### What you should do
From the entries below, return exactly the lines beginning at the one that contains "當地時間6月18日,美國總統" and ending at the one that contains "je nach Thema.", both of them included, and only those lines.

### Input material

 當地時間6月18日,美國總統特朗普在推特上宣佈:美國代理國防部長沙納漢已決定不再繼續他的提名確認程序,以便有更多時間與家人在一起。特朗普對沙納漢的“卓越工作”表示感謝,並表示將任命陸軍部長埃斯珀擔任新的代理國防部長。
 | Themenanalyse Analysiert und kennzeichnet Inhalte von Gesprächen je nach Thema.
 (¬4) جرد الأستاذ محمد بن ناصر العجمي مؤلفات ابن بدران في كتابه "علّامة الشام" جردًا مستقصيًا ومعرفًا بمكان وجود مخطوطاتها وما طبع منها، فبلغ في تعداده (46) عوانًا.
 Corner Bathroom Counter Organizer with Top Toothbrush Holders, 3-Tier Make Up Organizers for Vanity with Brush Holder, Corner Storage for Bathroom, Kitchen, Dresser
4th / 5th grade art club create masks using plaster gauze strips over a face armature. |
...
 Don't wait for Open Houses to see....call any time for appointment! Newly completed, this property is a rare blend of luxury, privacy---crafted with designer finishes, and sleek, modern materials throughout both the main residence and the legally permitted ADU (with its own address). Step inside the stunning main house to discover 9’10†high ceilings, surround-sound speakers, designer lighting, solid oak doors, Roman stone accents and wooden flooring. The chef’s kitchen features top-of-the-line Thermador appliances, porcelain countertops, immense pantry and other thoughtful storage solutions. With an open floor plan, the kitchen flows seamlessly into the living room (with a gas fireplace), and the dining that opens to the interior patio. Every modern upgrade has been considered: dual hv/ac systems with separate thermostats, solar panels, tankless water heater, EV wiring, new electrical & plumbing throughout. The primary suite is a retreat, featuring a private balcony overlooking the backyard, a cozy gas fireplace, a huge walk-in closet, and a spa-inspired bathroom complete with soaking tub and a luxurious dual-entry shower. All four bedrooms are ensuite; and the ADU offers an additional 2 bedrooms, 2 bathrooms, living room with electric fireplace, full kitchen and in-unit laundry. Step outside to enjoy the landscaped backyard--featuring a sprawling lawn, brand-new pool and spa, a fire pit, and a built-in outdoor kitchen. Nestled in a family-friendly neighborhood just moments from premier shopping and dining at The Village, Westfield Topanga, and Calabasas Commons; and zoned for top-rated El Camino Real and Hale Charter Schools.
...
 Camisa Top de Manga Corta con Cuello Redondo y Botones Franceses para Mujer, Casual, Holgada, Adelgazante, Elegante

### Worked solution
 當地時間6月18日,美國總統特朗普在推特上宣佈:美國代理國防部長沙納漢已決定不再繼續他的提名確認程序,以便有更多時間與家人在一起。特朗普對沙納漢的“卓越工作”表示感謝,並表示將任命陸軍部長埃斯珀擔任新的代理國防部長。
 | Themenanalyse Analysiert und kennzeichnet Inhalte von Gesprächen je nach Thema.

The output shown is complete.